Well, the polling data are in! And, the results: people are just as confused about health reform today as they were when it passed a year ago; maybe, more so. In fact, 22 percent of those polled by the Kaiser Family Foundation believe health care reform has already been repealed and another 26 percent aren’t sure.
How could it be that one year after health reform was passed and dozens of provisions have already gone into effect that 48 percent aren’t sure if it has been repealed and 53 percent are still confused about what it is (the exact same percentage as the day the Affordable Care Act was passed)?
Democrats believed that once they had passed health reform, people would like it. They knew there would be some difficulty protecting the law from attack (since the big provisions don’t go into effect until 2014), so they front-loaded the Act with provisions they thought would be very popular: beginning to close the “donut hole” in Medicare drug coverage (including $250 checks for seniors, summer 2010); eliminating pre-existing condition clauses for children; allowing young adults to stay on their parent’s health plans even if they are not dependents or in school; ending lifetime limits on benefits, and establishing high risk pools for those who have had a hard time finding coverage.

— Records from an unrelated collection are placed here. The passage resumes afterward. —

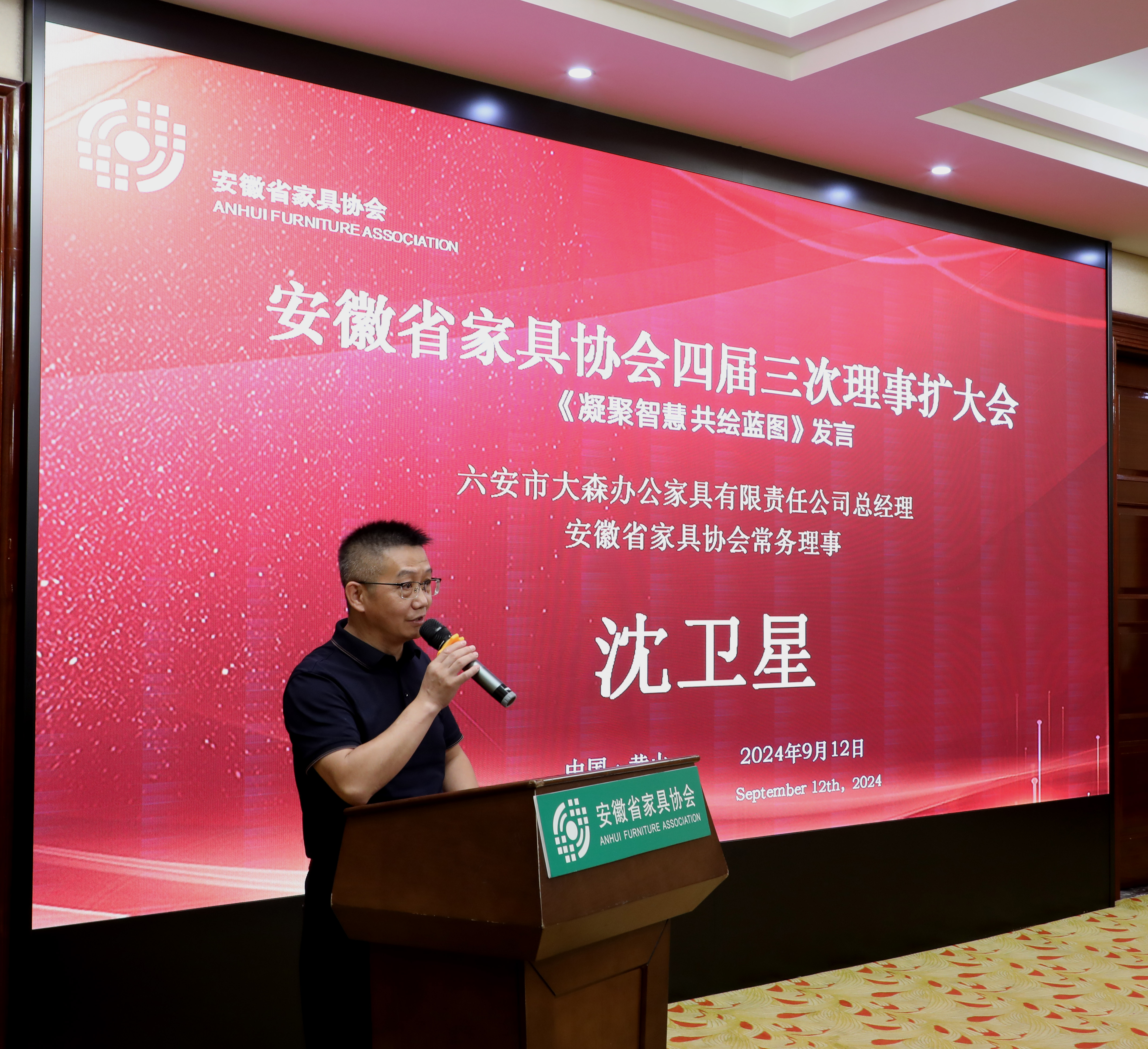 六安市大森家具销售有限公司总经理沈卫星作为专家委员会办公家具专家,发表了感言,强调了专家库在行业发展中的重要性,并呼吁各位专家积极参与专家库的建设,共同推动安徽家具行业的繁荣发展。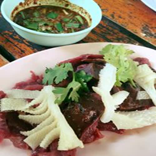 | คำอธิบาย : เป็นการนำเอาเนื้อวัว หรือเนื้อหมูดิบ พร้อมเครื่องในมาซอยเป้นชิ้น กินกับน้ำจิ้มที่เรียกว่า แจ่วเพลี้ย อาจเสี่ยงต่อการเป็นโรคพยาธิได้หากเนื้อที่นำมาทำนั้นมีเม็ดสาคู |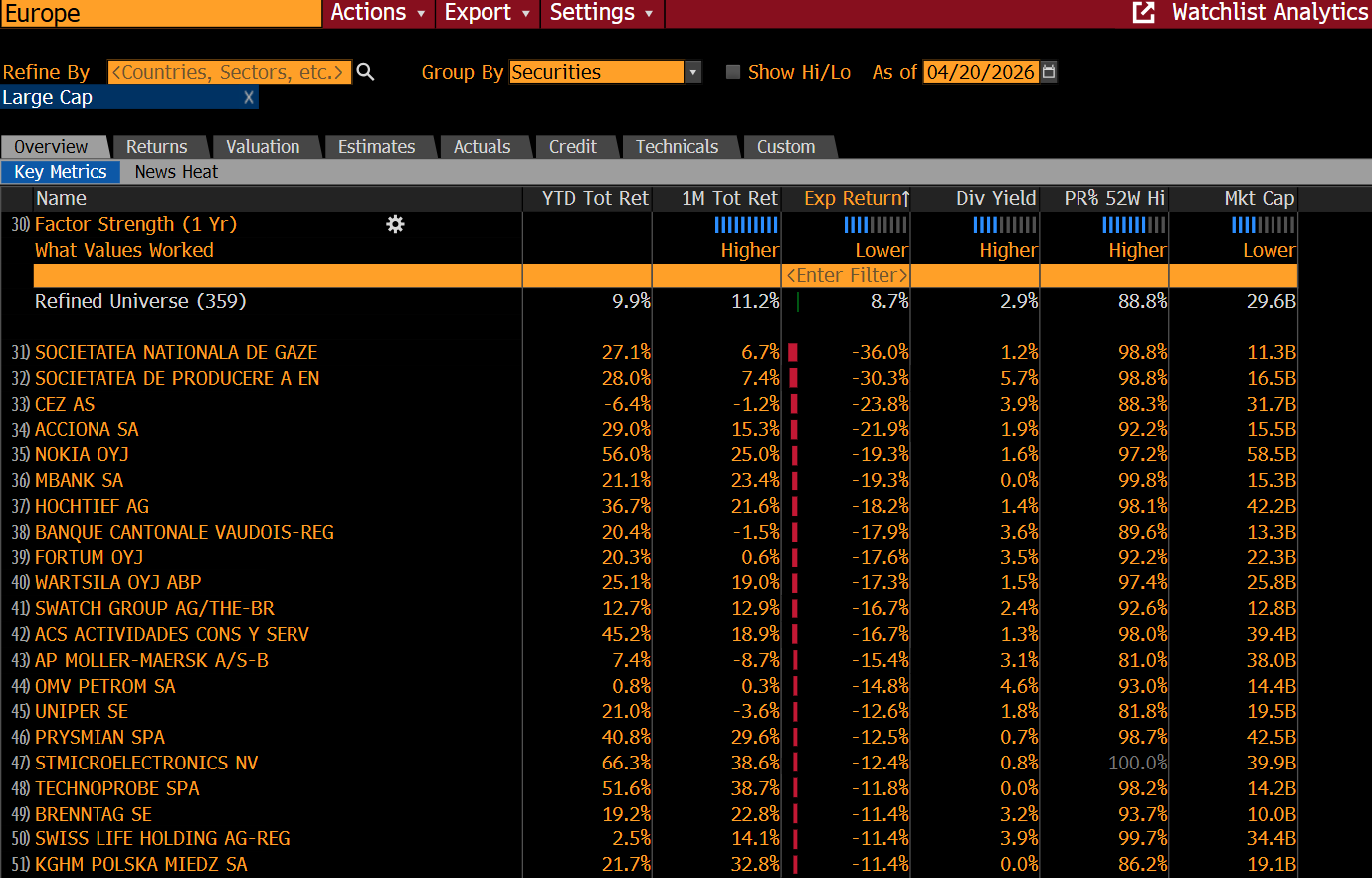 Dále, podle konsensu analytiků je nyní ČEZ třetí nejvíce nadhodnocenou ze 410 největších burzovně obchodovaných firem Evropy. Analytici i po lednovém propadu v konsensu očekávají ve zhruba ročním horizontu pokles akcií ČEZ o dalších zhruba 24 procent. Více nadhodnocené jsou ze 410 velkých evropských firem (kategorie „mega cap“ a „large cap“), s jejichž akciemi se burzovně obchoduje, už jen dvě rumunské většinově státní energetické podniky (viz tabulka níže).

And, indeed, people like all these things. But, polling data also show that even though people like these things, they don’t associate them with health reform.
How could this be and what does it portend for the future?
One theory is that the administration and the health reform advocates have done a poor job of communicating about the ACA, and that is certainly true.
But, another theory might be that the very attributes that enabled health reform to be passed in the first place made it a challenge to communicate and embrace.
The reality is that the Affordable Care Act is a complex piece of legislation and a compromise from the beginning: it embraces all sorts of ideas without fundamentally altering the existing, confusing, confounding structure of health care in this country.
While there are some things about American health care that will simplify over time, the truth is that the ACA keeps intact the public/private mix of health insurance, the many different health plans, and the multiplicity of avenues into the system.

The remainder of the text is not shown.